夜幕下乌黑的天色,带着满是凉意的北风伴在她身侧。
多福出手里提着长柄烛笼灯在前面带路,走出了这片冷清芜无之地。
东巳帝不会无缘无故的喊她说话,他一向厌恶自己,她不相信他的人之将死其言会善。
一入太和殿内,一股药味与鱼腥味随之而来,弈锘勉强停顿了一会缓着没有一下呕吐出来。
正前方是铺的满桌奏章的长案,转弯拐角绕过帘子看到躺在病榻前苍老难掩的人,那股让人无法忍受的浓重味道更加的蔓延开来。
正直夏日,他身上却裹着厚厚的被子。
咳咳,一阵病态咳嗽下,意示着眼前脸色苍白再无血色的皇帝到了天命之年,即将离世,再无回天乏术。
东巳帝挣脱着要起身来,一旁的蕉女上前搀扶着他起来。
弈锘就在原地站着看着他忙活折腾,从被子内露出了一双看着恐怖的皮包骨的手。
“听说你今日把前朝的武将从比武场踢了下去。”好不容易背靠着床杆做好的东巳帝弱弱道。
“是。”
“国师把朕逝年都已算好,唯独把你看错。”这哪还是那个平庸命的女儿,早在上次护送姜国质子时他就该想到才是。
弈锘沉默不语,这话已经解释过不会再说。
“带兵打仗就算了,你跟姜国质子感情还不错,不如就嫁过去。”姜国的情况他多少知道,在他国家待了十几年的姜国质子可不是回去做个皇子的。
“哦?先前不是给我指过驸马了,难道要抛弃?”
“此一时彼一时,这也是个救国之法。”东巳帝无力说完又咳嗽了起来。
“我隔着这么远嫁过去做何,占一个皇子妃的名份?”这还是好听的,说不定姜珩早已着急成婚解放自己,皇子侧妃都没份了。
而她,如今的她,可会稀罕甘心的就这么嫁人?
“前任太子意外故去,他回去是继任太子之位的。”东巳帝解释道,普通的联姻已经不能补救两国关系,现在感情关上或许可以曲线救国。
呵,老头子以为她那么高尚为了一国可以牺牲自己?
真是自以为是。
还有,她不认为自己有什么重大利益让姜珩心甘情愿挡在她身前,拿姜国挡在弈国前。
“大丈夫当战死疆场,我不会去做这和亲对象,再者——信誉是君王不可缺少的至宝。”
无需斗,他已经败的一塌涂地了。
还敢讽刺他,东巳帝暴跳如雷,“你想让国师预言成真?”
就是死也不会让这个不孝女如意,永远都不可能让她去鹫禾的,想去就到梦里见。
弈锘没有理会他,转而对着蕉女说:“该吃药了。”
蕉女眼神闪烁了一下,点头离开了室内。
弈锘继续接着两父女的谈话,“你虽然从小对我不闻不问不曾特意毒害我,三岁让我独居一殿整日挨饿,也算冥冥中加害了我。”

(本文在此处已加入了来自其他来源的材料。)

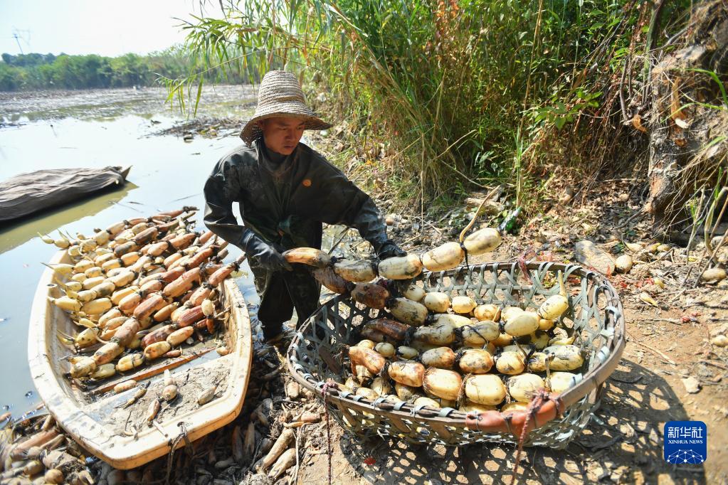 金秋時節,湖南省長沙市望城區靖港鎮蘆江社區種植的蓮藕喜獲豐收,農民緊抓農時搶收蓮藕,供應市場。近年來,長沙市望城區靖港鎮蘆江社區依托地理環境優勢,因地制宜發展蓮藕產業,帶動當地百姓就業增收。

要知道对一个那么小的孩子如此,真的是万幸中的万幸才能活下来。
那几年,幸亏有人要她活下去。
东巳帝狠狠剜了她一眼,没有丝毫愧疚:“没淹死你算好的,滚吧。”
这个六女跟她母亲一样贱,看着这张脸孔就讨厌。
弈锘好一会站着不说话也不走动。
“别以为朕快死了就拿你没办法。”东巳帝拼着老命声音带了丝威严的力量道。
既然不听话,那就没有必要存在着继续碍眼。
怎么也得让人死在他之前。
这会一阵走动的脚步,蕉女回来了屋中,立刻上前病榻前的东巳帝喂药。
弈锘见此缓缓的离了屋子朝着办公长案去,一本本奏章被她翻开。
不一会蕉美人出来小声说:“人睡着了。”
弈锘站着在书写字的手停笔抬起了笔,抬头看了眼屋梁,沉默片刻道:
“往后余生,他只需要躺在榻上闭着眼睛等候内务府把金丝楠木棺赶制出来,换个地方就行。”
蕉美人看了看被清理出来长案道:“蕉女明白了。”
弈锘朝着蕉女招手,露出了一脸可善的笑容……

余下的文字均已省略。